#### imports

In [None]:
from google.colab import drive
drive.mount('/content/drive') # pour monter notre drive au notebook

Mounted at /content/drive


In [None]:
import pickle
import pandas as pd

## Function to get the dataset (csv + dataframe)



In [None]:
def get_dataset(path_to_watkins_sound_list, families_to_keep=[], species_to_keep=[], multi_species=False, noise = False, min_duration = 0):
  """
  Load the watkins_sound_list and return a df with the sounds we want to have in the dataset.

  Input:
    path_to_watkins_sound_list : path to watkins_sound_list.csv file.
    families_to_keep : list of families that we want to include in the dataset. Default: [] means all families.
    species_to_keep : list of species that we want to include in the dataset. Default: [] means all species.
    multi_species : True if you want to include sounds with several species. Default: False.
    noise : True if you want to include sounds with polluting noise. Default: False.
    min_duration : minimum duration (seconds) of the sounds you want to include in the dataset. Default: 0.

  Output:
    Creates a csv file with all the selected sounds
    Returns a dataframe with the sounds we want to keep.
  """

  # strings for the name of the final csv file to be created
  family_string = 'all'
  species_string = 'all'
  nb_species = 'multi'
  included_noise = 'polluting'

  # loading the watkins_sound_list in a dataframe
  dataset = pd.read_csv(path_to_watkins_sound_list)
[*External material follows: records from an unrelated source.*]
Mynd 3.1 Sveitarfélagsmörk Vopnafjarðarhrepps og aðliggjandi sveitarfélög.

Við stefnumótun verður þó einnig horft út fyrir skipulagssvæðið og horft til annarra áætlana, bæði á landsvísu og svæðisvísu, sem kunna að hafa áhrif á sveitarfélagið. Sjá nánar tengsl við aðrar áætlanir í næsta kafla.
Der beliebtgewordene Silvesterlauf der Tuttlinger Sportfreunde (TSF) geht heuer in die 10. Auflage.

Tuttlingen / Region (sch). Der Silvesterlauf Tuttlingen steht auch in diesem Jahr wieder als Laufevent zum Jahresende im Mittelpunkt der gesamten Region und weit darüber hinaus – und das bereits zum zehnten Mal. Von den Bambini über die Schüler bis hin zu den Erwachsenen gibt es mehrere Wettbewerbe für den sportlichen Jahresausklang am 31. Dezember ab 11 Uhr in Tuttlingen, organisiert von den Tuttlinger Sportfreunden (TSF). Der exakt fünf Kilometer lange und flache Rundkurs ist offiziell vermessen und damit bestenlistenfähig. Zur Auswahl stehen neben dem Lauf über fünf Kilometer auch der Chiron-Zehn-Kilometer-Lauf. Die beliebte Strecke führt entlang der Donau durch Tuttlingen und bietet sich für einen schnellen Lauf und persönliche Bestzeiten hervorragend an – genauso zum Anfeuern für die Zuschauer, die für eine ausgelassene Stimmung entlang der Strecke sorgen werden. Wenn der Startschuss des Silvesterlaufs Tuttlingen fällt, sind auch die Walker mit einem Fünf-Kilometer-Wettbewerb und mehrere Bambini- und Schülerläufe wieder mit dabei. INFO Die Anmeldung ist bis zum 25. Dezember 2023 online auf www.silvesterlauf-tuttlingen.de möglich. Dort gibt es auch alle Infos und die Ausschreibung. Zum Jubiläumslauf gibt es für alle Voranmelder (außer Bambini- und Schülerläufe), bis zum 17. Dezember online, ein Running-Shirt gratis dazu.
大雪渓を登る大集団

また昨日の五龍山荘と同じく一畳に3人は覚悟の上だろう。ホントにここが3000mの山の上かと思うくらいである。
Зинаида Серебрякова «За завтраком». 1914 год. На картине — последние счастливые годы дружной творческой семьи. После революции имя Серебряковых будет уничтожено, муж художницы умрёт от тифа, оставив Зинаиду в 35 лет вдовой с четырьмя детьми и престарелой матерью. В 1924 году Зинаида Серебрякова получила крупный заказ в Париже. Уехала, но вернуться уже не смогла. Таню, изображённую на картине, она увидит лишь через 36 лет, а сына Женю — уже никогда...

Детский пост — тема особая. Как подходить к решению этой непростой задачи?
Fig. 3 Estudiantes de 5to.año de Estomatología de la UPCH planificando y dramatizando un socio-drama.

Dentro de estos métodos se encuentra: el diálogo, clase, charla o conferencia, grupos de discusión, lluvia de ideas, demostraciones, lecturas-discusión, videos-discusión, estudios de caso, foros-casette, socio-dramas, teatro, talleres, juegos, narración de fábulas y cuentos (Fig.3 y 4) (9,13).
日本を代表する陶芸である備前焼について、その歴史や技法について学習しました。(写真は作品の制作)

  # keep only required families
  if families_to_keep:
    dataset = dataset[dataset.family_code.isin(families_to_keep)]
    family_string = '-'.join(families_to_keep)
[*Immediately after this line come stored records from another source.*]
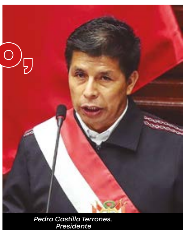
Pedro Castillo Terrones, Presidente

A pesar que el Perú ha liderado por muchos años el crecimiento económico en América Latina, ha sido cuna en las últimas tres décadas, de ex gobernantes corruptos y, actualmente, del presidente Pedro Castillo Terrones. El profesor José Pedro Castillo se convirtió, el 28 de julio de 2021, en el Presidente de la República número
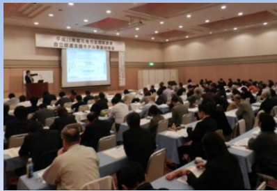
研修会の様子 参加者は皆、真剣に耳を傾けました
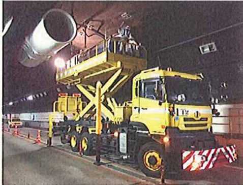
《トンネル設備清掃・点検》

消火設備、ジェットファン、照明設備等のトンネル附属物、排水構造物等の道路附属物を常時良好な状態に保つための点検・清掃を行います。
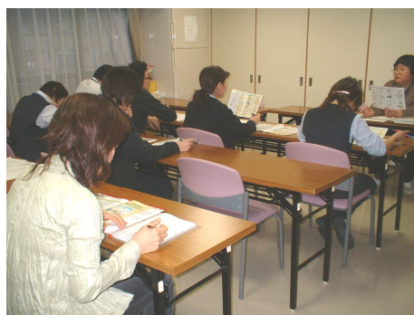
熱心に聞き入る出席者

今年度、コンサルテ瀬田では、あらゆる社会的理不尽な事象から入居者を守ることを重要な課題としています。詐欺まがいの財産運用や、不法な契約、あるいは虐待などによって入居者各位が深刻な被害を受けないようにするには、なんといっても正確な法的知識と信頼できるネットワークが無くてはなりません。成年後見制度はその大切な一環となっています。今後、成年後見制度に関するご相談がございましたら、遠慮なく相談室までお申し付け下さい。
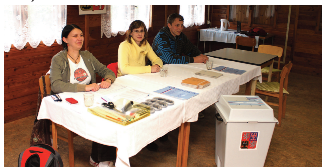
Volby v Onšovicích
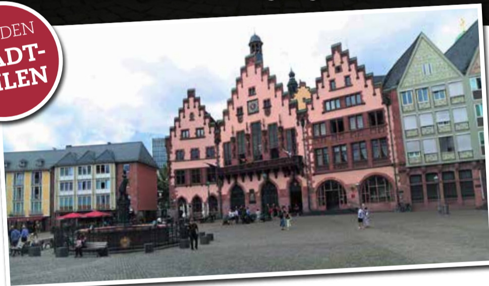
Das Rathaus auf dem Römerberg ist so imposant wie der Römerberg selbst.
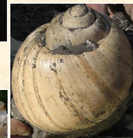
Gastéropode d'âge oligocène (Gaas - 40)

  #keep only required species
  if species_to_keep:
    dataset = dataset[dataset.species_code.isin(species_to_keep)]
    species_string = '-'.join(species_to_keep)
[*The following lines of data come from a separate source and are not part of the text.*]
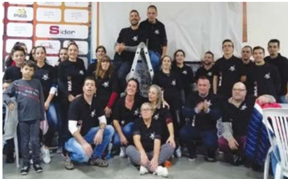
● Elementos da Comissão de Festas de Carnide 2020

às 20h00 e os participantes terão à disposição um jantar buffet com grande variedade de pratos quentes e frios, mesa de entradas e de sobremesas.
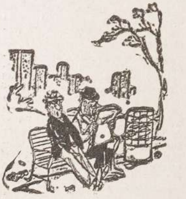
¿Dicen que a los niños les van a dar más vacunas? ¿no sería mejor que les dieran más vacunos?
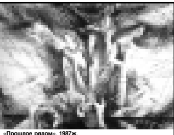
«Прошлое рядом», 1987ж.
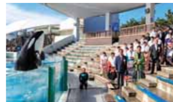
▲ 「ラビー」との記念写真
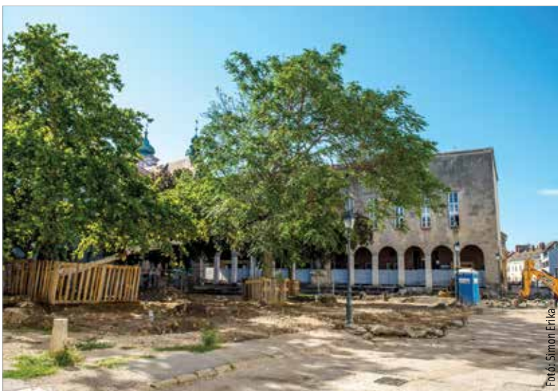
Az uniós forrásból támogatott munkálatok a Bartók Béla tér szabadtér-építészeti megújítása mellett a Csók István Képtár árkádorrá is kiterjednek, amit az önkormányzat saját forrásból finanszíroz. A kivitelezési munkák régészeti megfigyelés mellett zajlanak – hasonlóan az első ütemhez.

burkolt felület épségének megőrzése érdekében. A projekt tervezőivel – és a városi főépítéssel – egyeztetve az a döntés született, hogy a balesetek elkerülése érdekében a tér belső területén a gépjárművel való áthaladás nem lesz megengedett. Az eredeti tervekhez képest a leglényegesebb változás, hogy a feltárt pincék, járatok felett egységesen teherelosztó vasbeton lemez készül. A műszaki akadályok elhárultak, a kivitelezés tovább folytatódik. (Forrás: ÖKK)
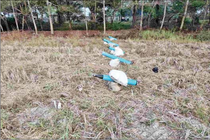
ရန်ကုန်တိုင်းဒေသကြီး လှည်းကူးမြို့နယ် ဆင်ဖုန်(မြောက်) ကျေးရွာအနီး လယ်ကွင်း၌ ပစ်ခတ်ရန် ပြင်ဆင်ထားသည့် ရှေ့တိုက်ခိုးများအား တွေ့ရစဉ်။
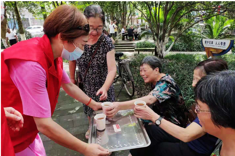
路桥区老年大学学员开展“送凉茶公益活动”。

讲好党史故事,当好薪火传人,老干部们在传承红色基因、赓续精神血脉的路上,一路前行。
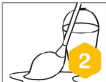
Bloque 2 - Unidad 1 ¿Quién inventó la...
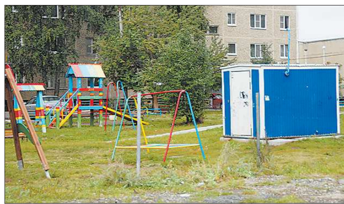
В этой неприметной будке, выкрашенной в синий цвет, трудно опознать уникальный объект
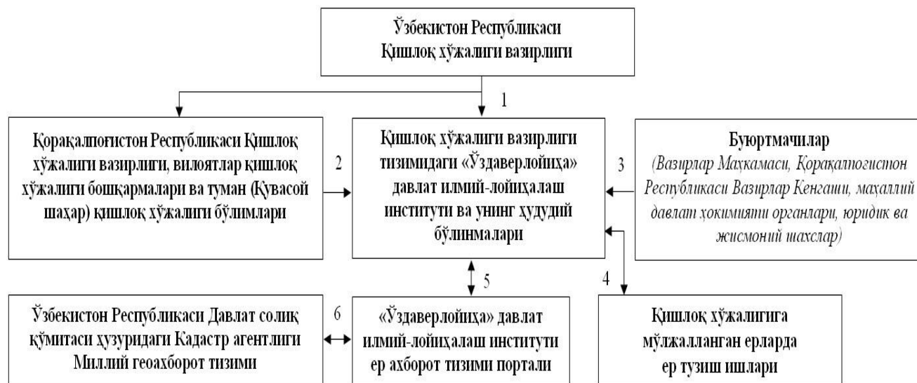
3-расм. Қишлоқ хўжалигига мўлжалланган ерларда ер тузиш ишларини амалга ошириш схемаси 64

Шу билан бирга юқоридаги қарорга биноан ишлоқ хўжалигига мўлжалланган ерларда ер тузиш ишларини амалга ошириш схемаси тасдиқланди.
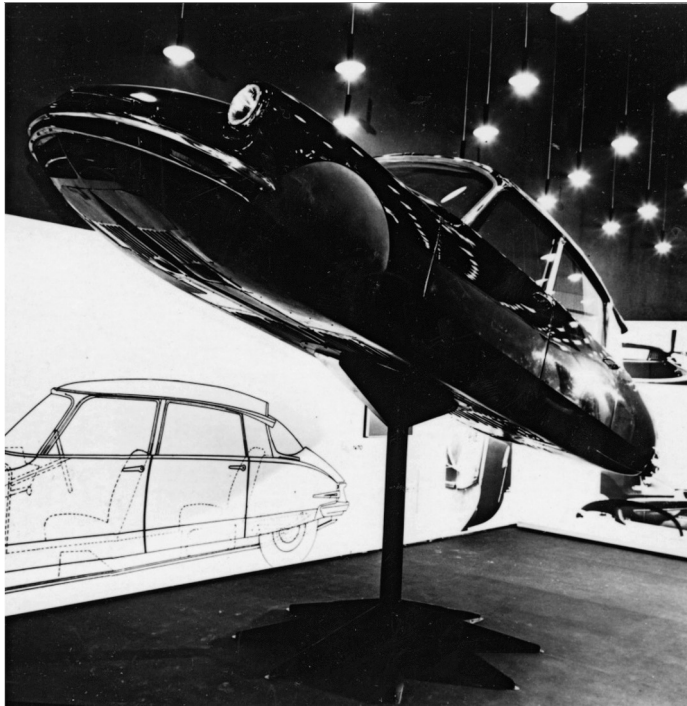
Abb. 11 Triennale di Milano, 1957

  # if multi_species is False, keep only sounds with one species
  if not multi_species:
    dataset = dataset[dataset.multi_species==False]
    nb_species = 'mono'

  # if noise is False, keep only sounds with no polluting noise
  if not noise:
    dataset = dataset[dataset.noise==False]
    included_noise='no'
  
  # keep only sounds longer that min_duration
  if min_duration != 0 :
    dataset = dataset[dataset.duration >= min_duration]
  
  # reseting the index
  dataset.reset_index(drop=True,inplace=True)

  # create csv file
  csv_name = f"families-{family_string}_species-{species_string}_{nb_species}-species_{included_noise}-noise_min-{min_duration}sec"
  dataset.to_csv(f'/content/drive/MyDrive/lewagon-deepdive/raw_data/{csv_name}.csv')

  return dataset


# Test

In [None]:
# our parameters

## path to the csv document where all the sounds are listed
watkins_sound_list = '/content/drive/MyDrive/lewagon-deepdive/raw_data/watkins_sound_list.csv'

## we want to keep only the four biggest families
families_to_keep=['AC','BA','BD','BE']

## Use the following argument if you want to filter species
# species=['here your list of species']

## Use the following argument if you want to include sounds with several species
# multi_species=True

## Use the following argument if you want to include sounds with polluting noise
# noise = True

## we want to keep recordings longer than 1 second
min_duration = 1

In [None]:
# test
dataset = get_dataset(watkins_sound_list, families_to_keep=families_to_keep, min_duration = min_duration)

In [None]:
dataset.head()

Unnamed: 0,family_code,family_name,species_code,species_name,common_name,filename,duration,sampling_rate,location,observation_date,noise,noise_description,multi_species,species2,species3
0,AC,Balaenopteridae,AC1A,Balaenoptera acutorostrata Lacépède 1804,Minke whale,AC1A_64103004.wav,1.417969,1280,Cape Crozier - Antarctica,22-Nov-1964,False,,False,,
1,AC,Balaenopteridae,AC1A,Balaenoptera acutorostrata Lacépède 1804,Minke whale,AC1A_64103005.wav,1.417969,1280,Cape Crozier - Antarctica,22-Nov-1964,False,,False,,
2,AC,Balaenopteridae,AC1A,Balaenoptera acutorostrata Lacépède 1804,Minke whale,AC1A_64103006.wav,1.417969,1280,Cape Crozier - Antarctica,22-Nov-1964,False,,False,,
3,AC,Balaenopteridae,AC1A,Balaenoptera acutorostrata Lacépède 1804,Minke whale,AC1A_64103007.wav,1.417969,1280,Cape Crozier - Antarctica,22-Nov-1964,False,,False,,
4,AC,Balaenopteridae,AC1A,Balaenoptera acutorostrata Lacépède 1804,Minke whale,AC1A_64103009.wav,1.413281,1280,Cape Crozier - Antarctica,22-Nov-1964,False,,False,,


# load the dataframe into a pickle to use it in abother notebook

In [None]:
pickle_name = 'dataset_df.pkl'
pickle_location = '/content/drive/MyDrive/lewagon-deepdive/working_environment/01.getting_data'

In [None]:
with open(f'{pickle_location}/{pickle_name}', 'wb') as f:
  pickle.dump(dataset, f)